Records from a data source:
#####

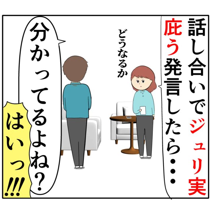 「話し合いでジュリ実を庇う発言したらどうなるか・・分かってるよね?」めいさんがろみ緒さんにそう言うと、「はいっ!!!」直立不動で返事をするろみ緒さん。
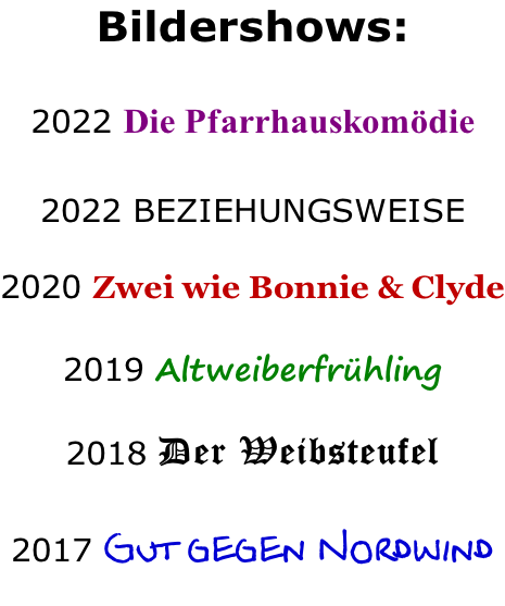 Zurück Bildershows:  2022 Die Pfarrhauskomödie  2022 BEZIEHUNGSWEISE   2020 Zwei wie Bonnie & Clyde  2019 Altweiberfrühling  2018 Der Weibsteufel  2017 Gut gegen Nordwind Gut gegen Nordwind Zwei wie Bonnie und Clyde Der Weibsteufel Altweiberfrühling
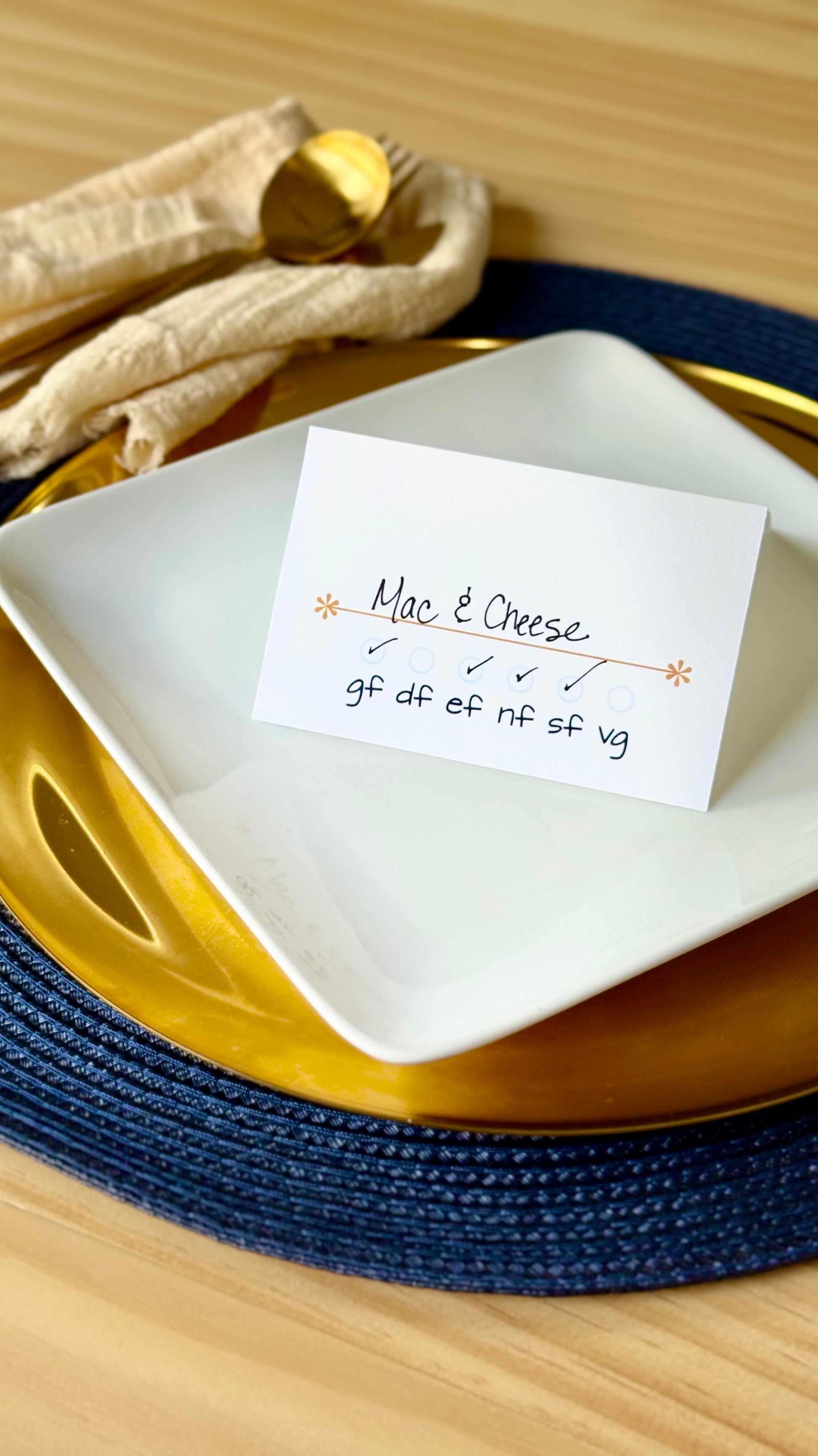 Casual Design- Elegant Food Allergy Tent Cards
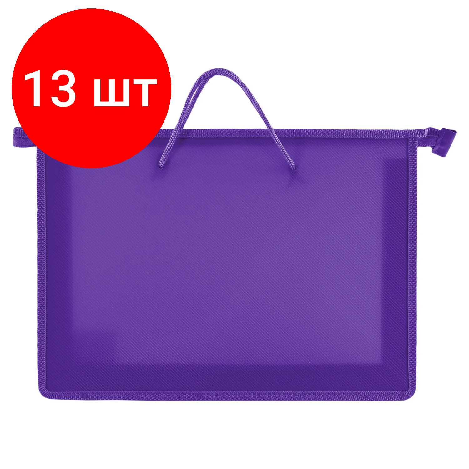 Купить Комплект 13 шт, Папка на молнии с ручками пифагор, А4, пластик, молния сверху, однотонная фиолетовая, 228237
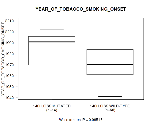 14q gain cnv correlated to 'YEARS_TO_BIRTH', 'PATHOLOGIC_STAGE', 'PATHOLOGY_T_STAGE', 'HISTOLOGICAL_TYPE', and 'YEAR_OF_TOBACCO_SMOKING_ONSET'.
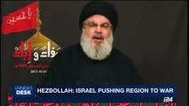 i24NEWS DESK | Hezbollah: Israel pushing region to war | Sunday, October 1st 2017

#####

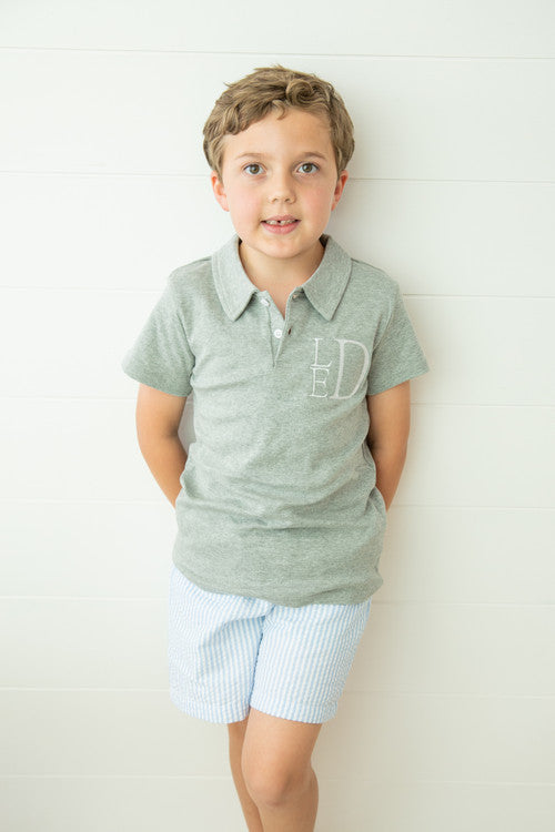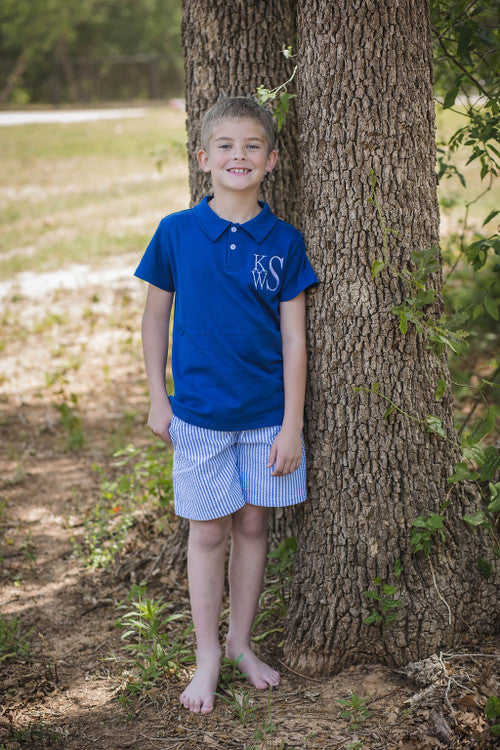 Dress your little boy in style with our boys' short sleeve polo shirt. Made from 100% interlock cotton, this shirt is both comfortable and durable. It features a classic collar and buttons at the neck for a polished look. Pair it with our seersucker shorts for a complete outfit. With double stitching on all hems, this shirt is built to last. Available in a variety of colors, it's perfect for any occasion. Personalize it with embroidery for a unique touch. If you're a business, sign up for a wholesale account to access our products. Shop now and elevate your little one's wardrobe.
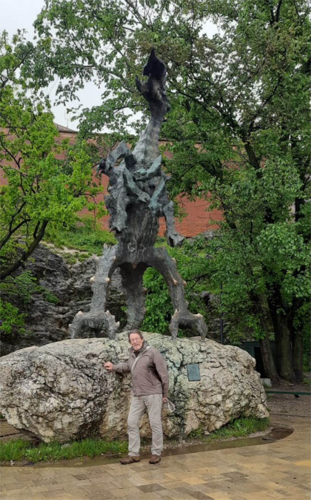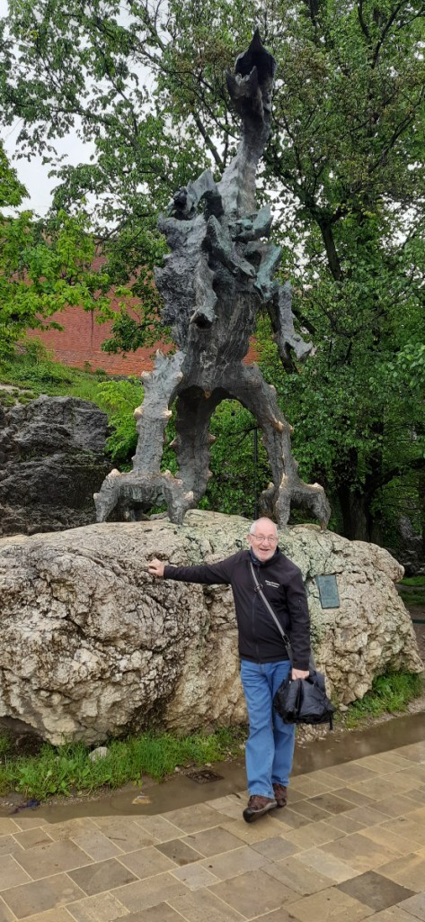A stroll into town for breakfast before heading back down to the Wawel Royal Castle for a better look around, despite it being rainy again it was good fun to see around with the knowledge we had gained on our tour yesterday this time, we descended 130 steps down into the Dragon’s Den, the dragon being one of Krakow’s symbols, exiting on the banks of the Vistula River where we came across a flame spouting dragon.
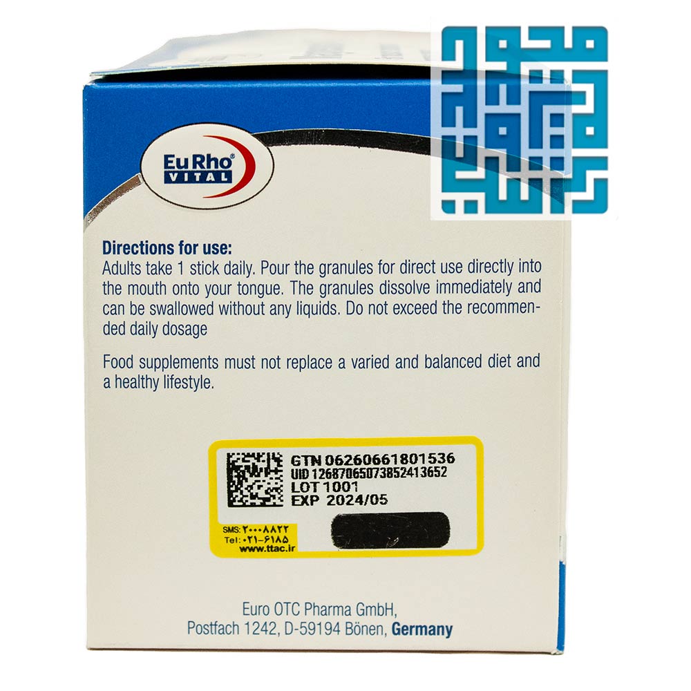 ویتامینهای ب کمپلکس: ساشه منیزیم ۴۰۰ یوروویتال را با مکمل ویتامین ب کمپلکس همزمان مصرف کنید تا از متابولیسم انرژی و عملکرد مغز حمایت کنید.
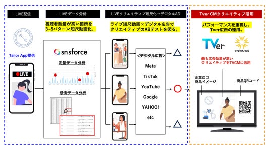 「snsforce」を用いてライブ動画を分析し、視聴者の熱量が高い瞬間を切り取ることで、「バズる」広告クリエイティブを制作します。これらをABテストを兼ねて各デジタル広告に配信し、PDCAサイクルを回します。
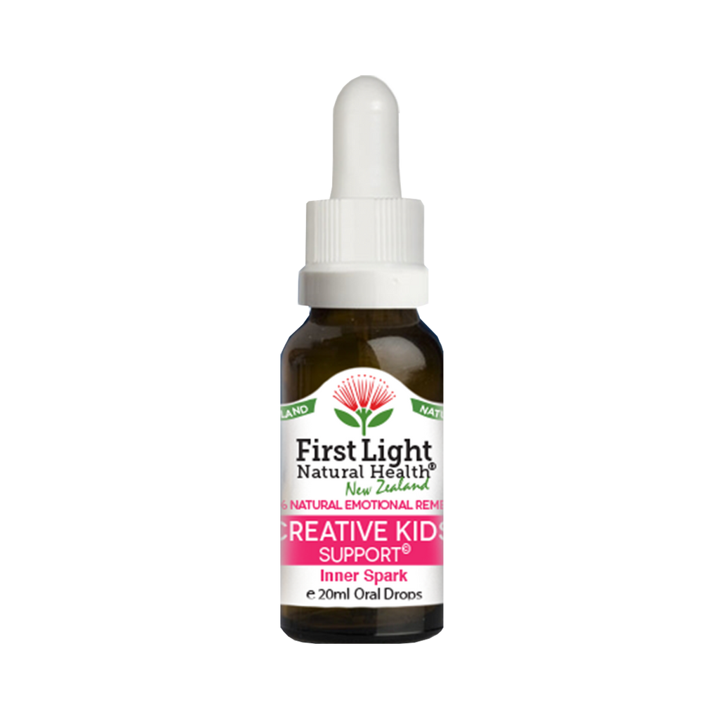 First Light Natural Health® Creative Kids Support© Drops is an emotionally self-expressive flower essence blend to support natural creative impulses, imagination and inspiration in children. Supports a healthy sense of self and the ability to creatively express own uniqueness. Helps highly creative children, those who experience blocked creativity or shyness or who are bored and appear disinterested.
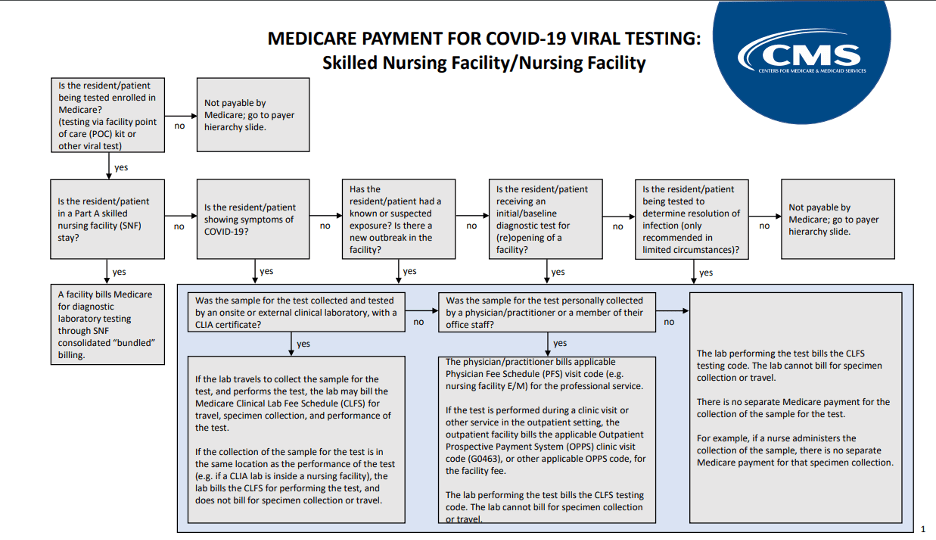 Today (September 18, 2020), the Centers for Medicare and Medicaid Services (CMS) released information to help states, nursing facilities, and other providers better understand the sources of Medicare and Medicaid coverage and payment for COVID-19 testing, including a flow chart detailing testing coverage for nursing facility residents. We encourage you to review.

#####

Repeat exactly, and only, the entries from the line with "Купить Комплект 13" through the line with "i24NEWS DESK |". Pictures are skipped.

 Купить Комплект 13 шт, Папка на молнии с ручками пифагор, А4, пластик, молния сверху, однотонная фиолетовая, 228237
 14q gain cnv correlated to 'YEARS_TO_BIRTH', 'PATHOLOGIC_STAGE', 'PATHOLOGY_T_STAGE', 'HISTOLOGICAL_TYPE', and 'YEAR_OF_TOBACCO_SMOKING_ONSET'.
 i24NEWS DESK | Hezbollah: Israel pushing region to war | Sunday, October 1st 2017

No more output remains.